Your goal = Retype, without changes, every line from the line that contains "田野畑村、岩泉町母子協のみなさんと記念撮影" through the final line of the records. Exclude pictures.

═══ Information supplied ═══

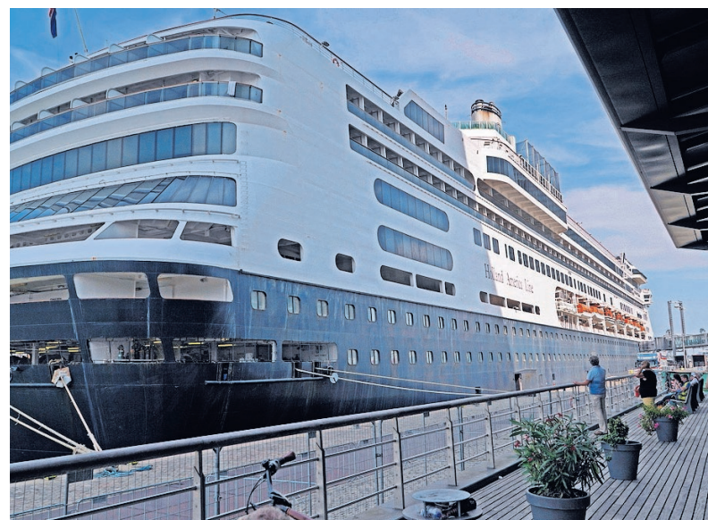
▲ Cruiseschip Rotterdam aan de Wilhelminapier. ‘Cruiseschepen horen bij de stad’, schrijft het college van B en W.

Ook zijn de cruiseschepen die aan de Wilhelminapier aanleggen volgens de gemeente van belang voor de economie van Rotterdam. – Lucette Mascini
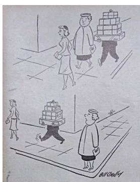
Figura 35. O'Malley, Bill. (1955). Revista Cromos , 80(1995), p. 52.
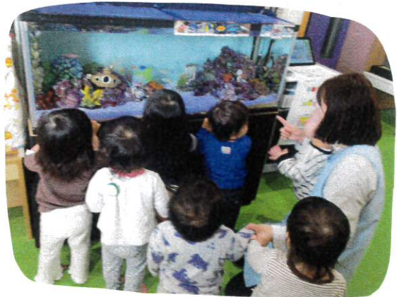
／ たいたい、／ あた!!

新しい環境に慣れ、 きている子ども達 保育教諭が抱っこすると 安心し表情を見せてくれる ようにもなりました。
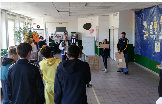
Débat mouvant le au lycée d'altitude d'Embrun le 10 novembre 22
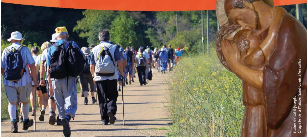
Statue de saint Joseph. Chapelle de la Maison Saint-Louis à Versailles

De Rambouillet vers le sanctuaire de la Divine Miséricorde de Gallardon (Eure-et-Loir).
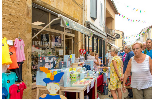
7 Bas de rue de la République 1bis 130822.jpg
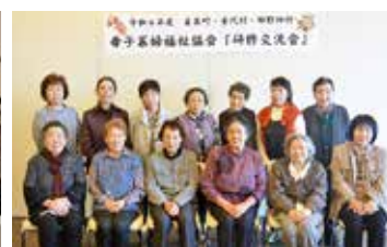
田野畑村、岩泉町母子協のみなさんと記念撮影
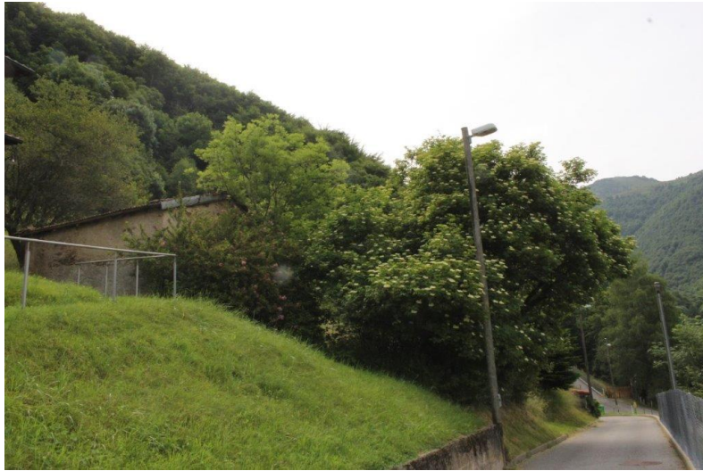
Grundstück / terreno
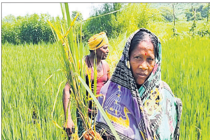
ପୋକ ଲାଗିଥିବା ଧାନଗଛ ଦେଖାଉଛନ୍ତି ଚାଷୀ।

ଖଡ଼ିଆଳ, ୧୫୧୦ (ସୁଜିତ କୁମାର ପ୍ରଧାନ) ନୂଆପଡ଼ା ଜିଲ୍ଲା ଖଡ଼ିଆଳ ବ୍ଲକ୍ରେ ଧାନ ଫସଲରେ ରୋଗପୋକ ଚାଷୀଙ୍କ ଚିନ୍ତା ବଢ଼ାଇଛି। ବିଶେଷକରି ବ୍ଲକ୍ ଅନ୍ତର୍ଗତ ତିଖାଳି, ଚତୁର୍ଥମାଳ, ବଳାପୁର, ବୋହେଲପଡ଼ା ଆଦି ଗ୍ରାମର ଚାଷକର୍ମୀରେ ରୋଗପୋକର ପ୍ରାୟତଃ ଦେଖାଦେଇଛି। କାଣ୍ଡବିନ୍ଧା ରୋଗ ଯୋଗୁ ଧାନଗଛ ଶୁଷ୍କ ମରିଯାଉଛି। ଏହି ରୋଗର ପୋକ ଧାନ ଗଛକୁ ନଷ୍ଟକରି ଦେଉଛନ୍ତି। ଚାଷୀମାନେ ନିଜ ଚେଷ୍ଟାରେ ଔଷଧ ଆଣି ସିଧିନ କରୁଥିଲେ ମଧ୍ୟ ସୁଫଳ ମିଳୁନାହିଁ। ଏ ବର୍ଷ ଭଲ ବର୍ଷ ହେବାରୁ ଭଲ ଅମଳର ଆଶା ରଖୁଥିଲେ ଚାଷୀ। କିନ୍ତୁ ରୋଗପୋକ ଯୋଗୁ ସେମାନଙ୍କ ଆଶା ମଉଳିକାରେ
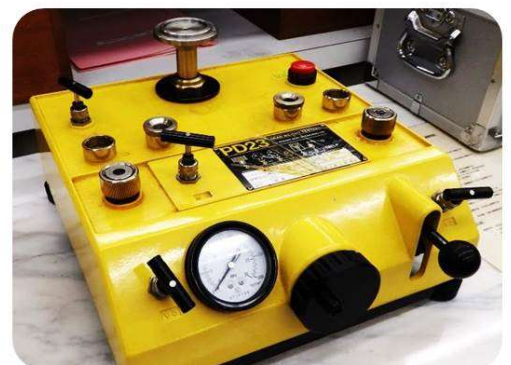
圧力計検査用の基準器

═══

Result of the task =
田野畑村、岩泉町母子協のみなさんと記念撮影
Grundstück / terreno
ପୋକ ଲାଗିଥିବା ଧାନଗଛ ଦେଖାଉଛନ୍ତି ଚାଷୀ।

ଖଡ଼ିଆଳ, ୧୫୧୦ (ସୁଜିତ କୁମାର ପ୍ରଧାନ) ନୂଆପଡ଼ା ଜିଲ୍ଲା ଖଡ଼ିଆଳ ବ୍ଲକ୍ରେ ଧାନ ଫସଲରେ ରୋଗପୋକ ଚାଷୀଙ୍କ ଚିନ୍ତା ବଢ଼ାଇଛି। ବିଶେଷକରି ବ୍ଲକ୍ ଅନ୍ତର୍ଗତ ତିଖାଳି, ଚତୁର୍ଥମାଳ, ବଳାପୁର, ବୋହେଲପଡ଼ା ଆଦି ଗ୍ରାମର ଚାଷକର୍ମୀରେ ରୋଗପୋକର ପ୍ରାୟତଃ ଦେଖାଦେଇଛି। କାଣ୍ଡବିନ୍ଧା ରୋଗ ଯୋଗୁ ଧାନଗଛ ଶୁଷ୍କ ମରିଯାଉଛି। ଏହି ରୋଗର ପୋକ ଧାନ ଗଛକୁ ନଷ୍ଟକରି ଦେଉଛନ୍ତି। ଚାଷୀମାନେ ନିଜ ଚେଷ୍ଟାରେ ଔଷଧ ଆଣି ସିଧିନ କରୁଥିଲେ ମଧ୍ୟ ସୁଫଳ ମିଳୁନାହିଁ। ଏ ବର୍ଷ ଭଲ ବର୍ଷ ହେବାରୁ ଭଲ ଅମଳର ଆଶା ରଖୁଥିଲେ ଚାଷୀ। କିନ୍ତୁ ରୋଗପୋକ ଯୋଗୁ ସେମାନଙ୍କ ଆଶା ମଉଳିକାରେ
圧力計検査用の基準器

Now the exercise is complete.